El teniente Ohlsen consideró que debía rectificar al doctor Beckmann. Se levantó.

– Me permito hacerle observar que no se trata de una línea secundaria, sino de la línea de vía doble Moscú-Riga.

Un ligero rubor coloreó el rostro del doctor Beckmann, Excitado, vociferó:

– ¡Conteste cuando se le interrogue! ¡Ya se lo he advertido una vez!

– El juez ha hecho una pregunta -se defendió el teniente Ohlsen.

– El señor juez me ha hecho una pregunta a mí y no a usted -gritó el doctor Beckmann-. Y a nuestros ojos es una línea secundaria.

– Entonces es una gran línea secundaria, de unos mil kilómetros de longitud -contestó vagamente el teniente Ohlsen.

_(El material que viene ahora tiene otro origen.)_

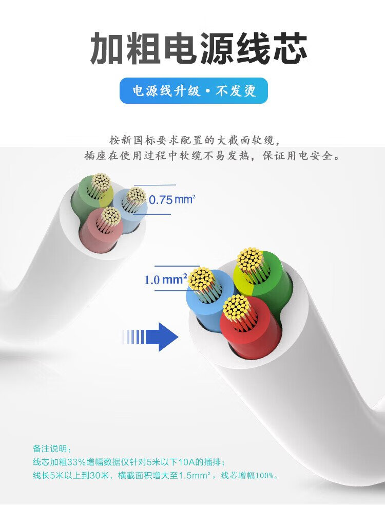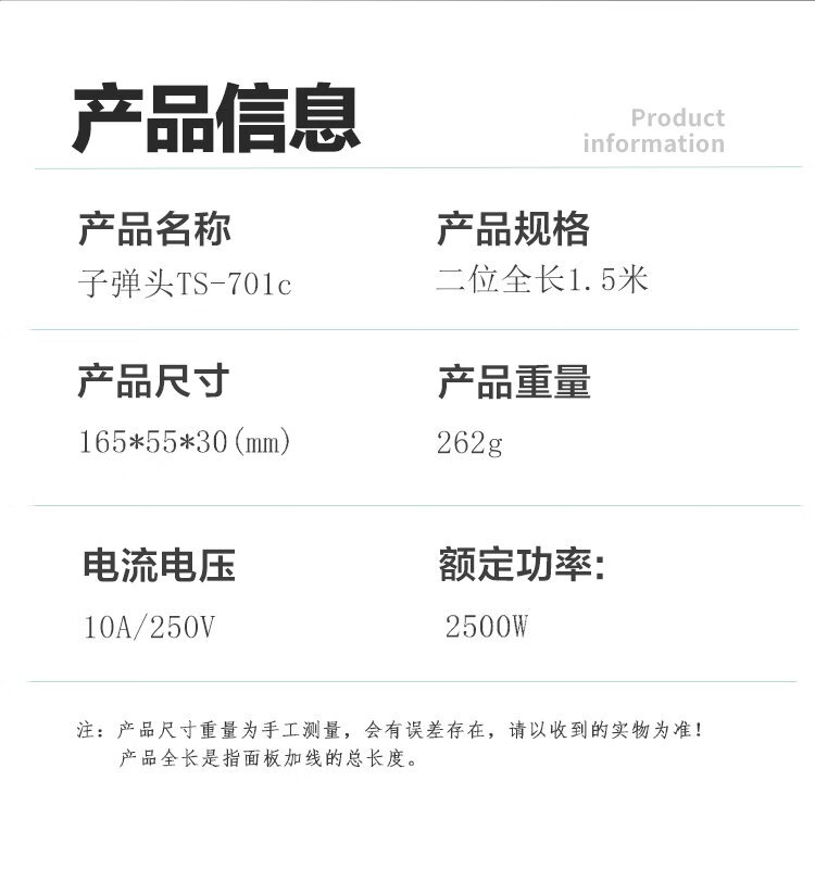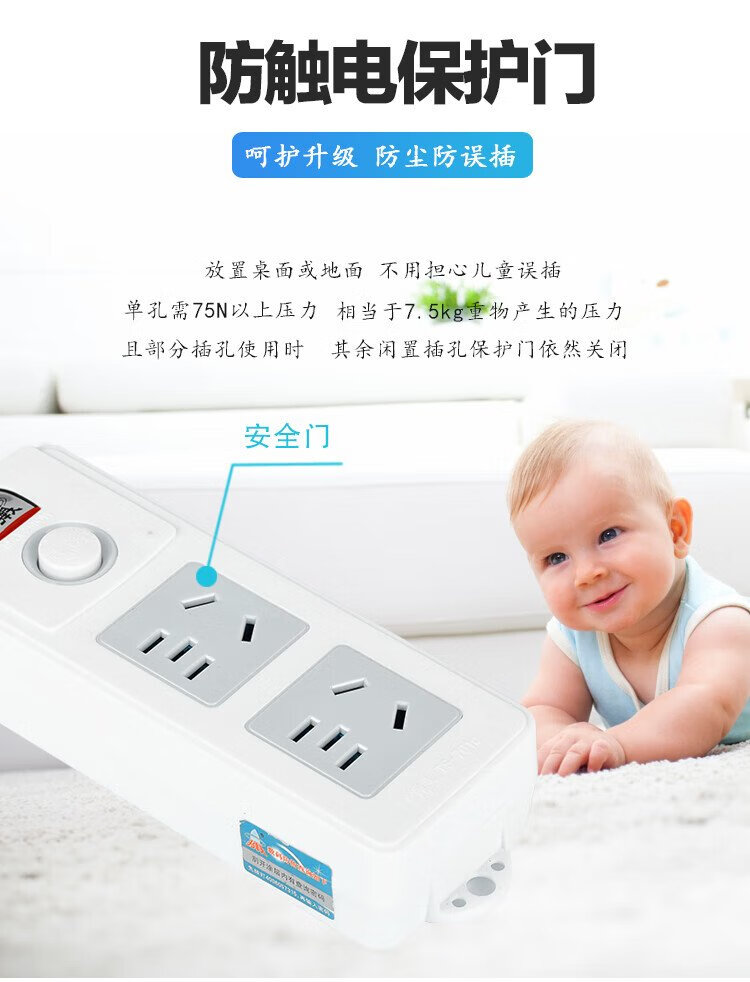 Bullet head new national standard safety socket/socket strip/strip strip/socket strip/terminal strip/trailer board extension cord master control switch 2 positions total length 1.5 meters TS-701c

– Esto no nos interesa -replicó el doctor Beckmann, dando un golpe sobre sus documentos-. Cuando digo que es una línea secundaria, lo es. Estamos en Alemania, y no en los pantanos soviéticos. Aquí tenemos conceptos distintos. Pero prescindamos de este maldito ferrocarril. Así, pues, usted había recibido orden de su comandante de ocupar una posición al este de Olenin, y la orden decía que nada, nada en absoluto, ni Dios, ni el diablo, ni el Ejército rojo en masa, debía hacerle abandonar aquella posición. Debía usted permanecer cerca de Olenin y asegurar sus líneas por ambos lados y por la vanguardia. ¿Se trataba de eso? -gritó, señalando al teniente Ohlsen con un cuidado dedo acusador.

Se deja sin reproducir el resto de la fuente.